In 1943, Adolph Greenbaum and Ed Rostein sold this building to Roy Lockenour. Adolph rented space from Lockenour with the understanding that Adolph would have the first chance to buy the building if Lockenour decided to sell it. Adolph died in 1960 while on a hiking trip in Olympic National Park in Washington. His sister, Irene Depenbrock, then took over Greenbaum’s Fine Fabrics. Irene’s husband, Albert Depenbrock, eventually joined his wife in the Greenbaum business.

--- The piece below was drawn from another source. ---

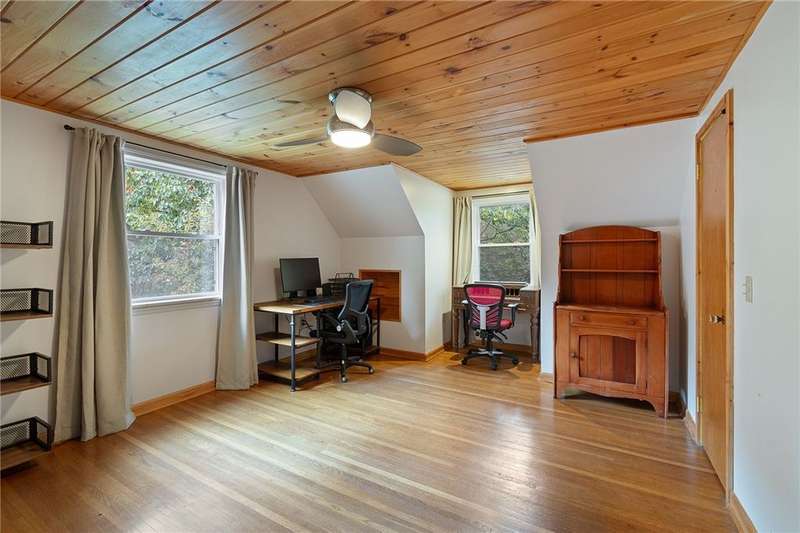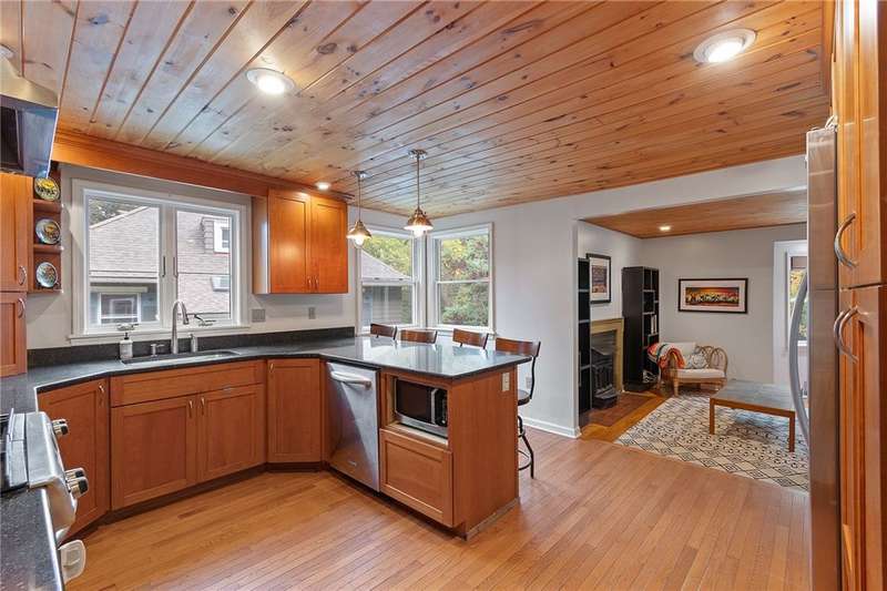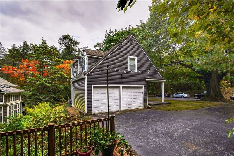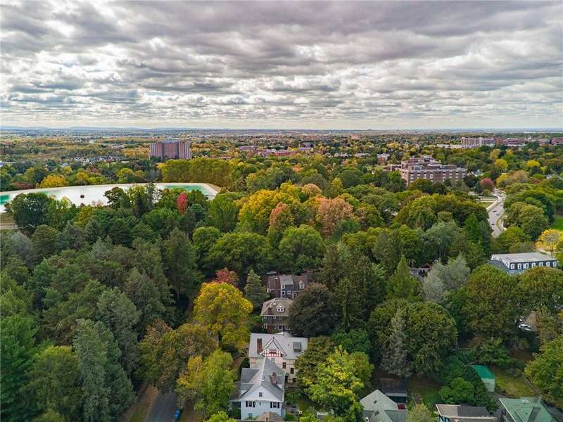 Please come tour this 3 bedroom/2 bath home that is a short distance to U of R, Highland and Strong and has over 83 acres of the Highland Park right across the road! You'll have a first row seat to the famous Rochester Lilac Festival- walk your pets, use the playground, exercise or just enjoy the incredible views from your COVERED FRONT PORCH or the private deck area! The GORGEOUS kitchen has a super, sleek industrial look! Solid surface counters, a LARGE "reach in" pantry, STAINLESS APPLIANCES, a HUGE breakfast bar (seats four!) and the open floor plan LIVING/DINING (and half bath) area is perfect for entertaining! The hardwoods and NATURAL wood ceilings, wood burning fireplace with an insert for more efficiency, recessed lighting and oversized windows give such a warm feel to this home! On the second floor you'll find three roomy bedrooms -the primary has THREE CLOSETS- two have sliders to lots of usable space! The FULL BATH on this level has a separate shower and soaking tub! There's two more bedrooms (one currently used as an office!) The FULL BASEMENT level is home to the laundry area (WASHER and DRYER STAY!) the well maintained forced air furnace with CENTRAL AIR CONDITIONING and the TANKLESS WATER HEATER! Add to all this an ATTACHED TWO CAR GARAGE and you've got all the comforts of home that's close to medical, entertainment, worship and shopping! Showing starts Wednesday 10/15 at the open house (5:00 to 6:30) and offers will be reviewed after 3pm on 10/22/25

A few years later, Roy Lockenour told Albert Depenbrock that Lipman’s department store wanted to buy the building and that they had agreed on a price, but he was honoring his earlier agreement with the deceased Adolph Greenbaum and offered it to the Depenbrocks first. Albert took his time before telling Irene about this, not realizing that Lipman’s intended to replace the building with an enlarged parking lot. After hearing this, Irene Depenbrock immediately went to the bank and successfully obtained financing. She then called Roy Lockenour, who was in a meeting with Lipman’s. On December 9, 1966, he sold the building to Albert and Irene Depenbrock, thus preserving it for their future use.

The Depenbrocks’ daughter, Sylvia, and her husband, Bill Dorney, bought the business on January 1, 1978. Bill and Sylvia worked together at Greenbuam’s Fine Fabrics until 1985 when Bill left to become director of the Salem Downtown Association. Sylvia specialized the shop’s merchandise further, changing the fabric store into a quilting fabric shop in 1988, known as “Greenbaum’s Quilted Forest.” Bill and Sylvia Dorney purchased the South Eldridge Block in May of 1999. Greenbaum’s Quilted Forest continues to occupy the building in 2000.